▶ _Problem_
Given the records underneath, please repeat exactly the lines from the line with "Giaccone con collo" through the line with "Weave handstand hops", passing over any picture.

▶ _Source data_
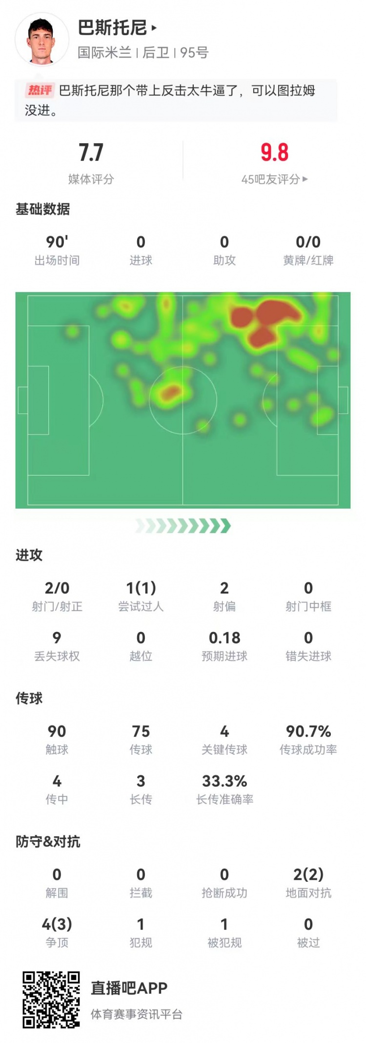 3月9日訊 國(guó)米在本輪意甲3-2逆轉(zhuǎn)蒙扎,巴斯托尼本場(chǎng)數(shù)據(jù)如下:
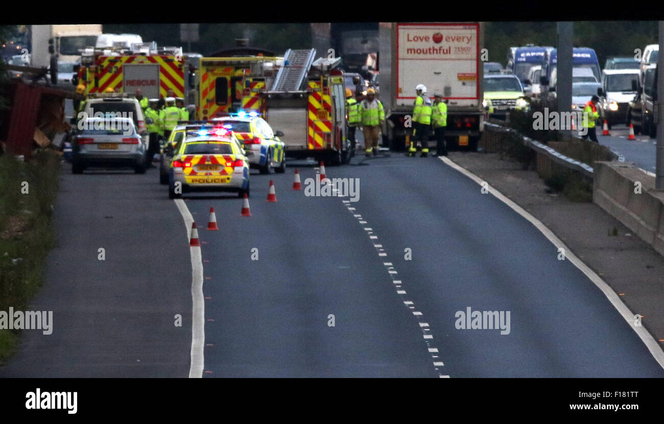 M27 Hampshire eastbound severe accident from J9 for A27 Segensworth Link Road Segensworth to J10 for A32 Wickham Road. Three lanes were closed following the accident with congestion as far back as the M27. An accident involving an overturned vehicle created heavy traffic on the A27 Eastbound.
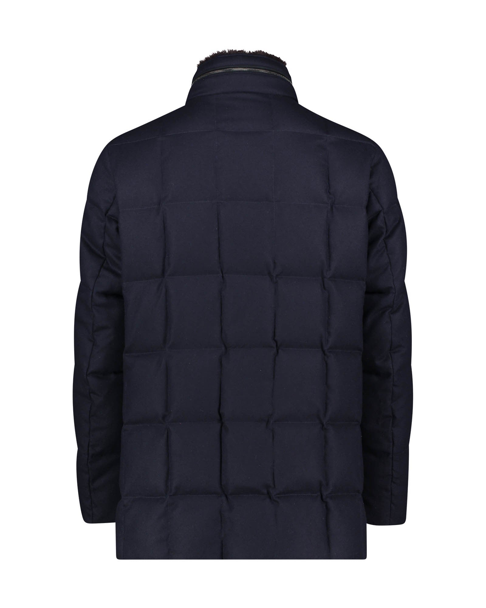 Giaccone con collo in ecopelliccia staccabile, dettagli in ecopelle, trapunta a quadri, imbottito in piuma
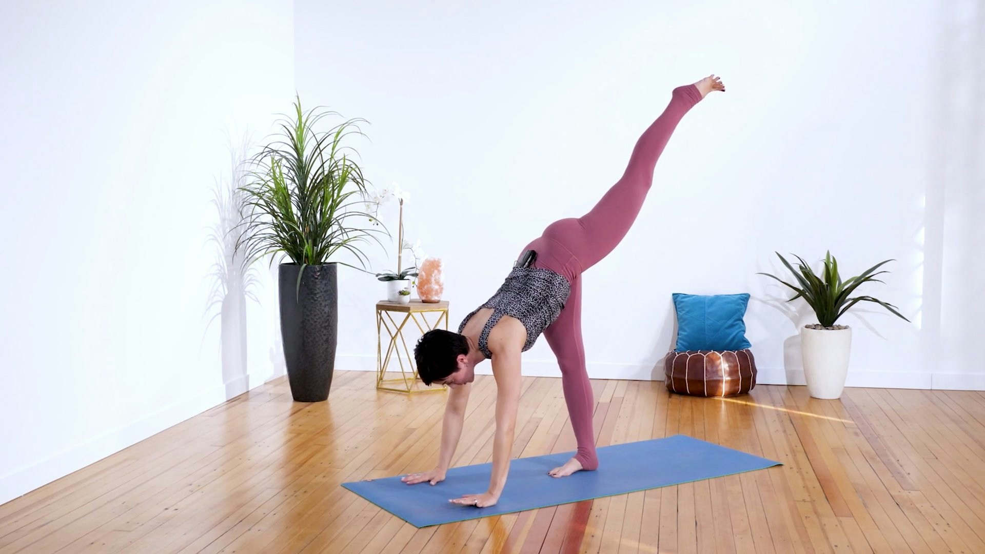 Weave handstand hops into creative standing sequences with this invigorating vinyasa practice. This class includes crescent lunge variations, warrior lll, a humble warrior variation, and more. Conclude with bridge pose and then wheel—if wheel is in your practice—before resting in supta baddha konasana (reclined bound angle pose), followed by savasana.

==

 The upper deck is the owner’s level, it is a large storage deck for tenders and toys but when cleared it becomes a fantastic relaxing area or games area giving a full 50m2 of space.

▶ _Your response_
 Giaccone con collo in ecopelliccia staccabile, dettagli in ecopelle, trapunta a quadri, imbottito in piuma
 Weave handstand hops into creative standing sequences with this invigorating vinyasa practice. This class includes crescent lunge variations, warrior lll, a humble warrior variation, and more. Conclude with bridge pose and then wheel—if wheel is in your practice—before resting in supta baddha konasana (reclined bound angle pose), followed by savasana.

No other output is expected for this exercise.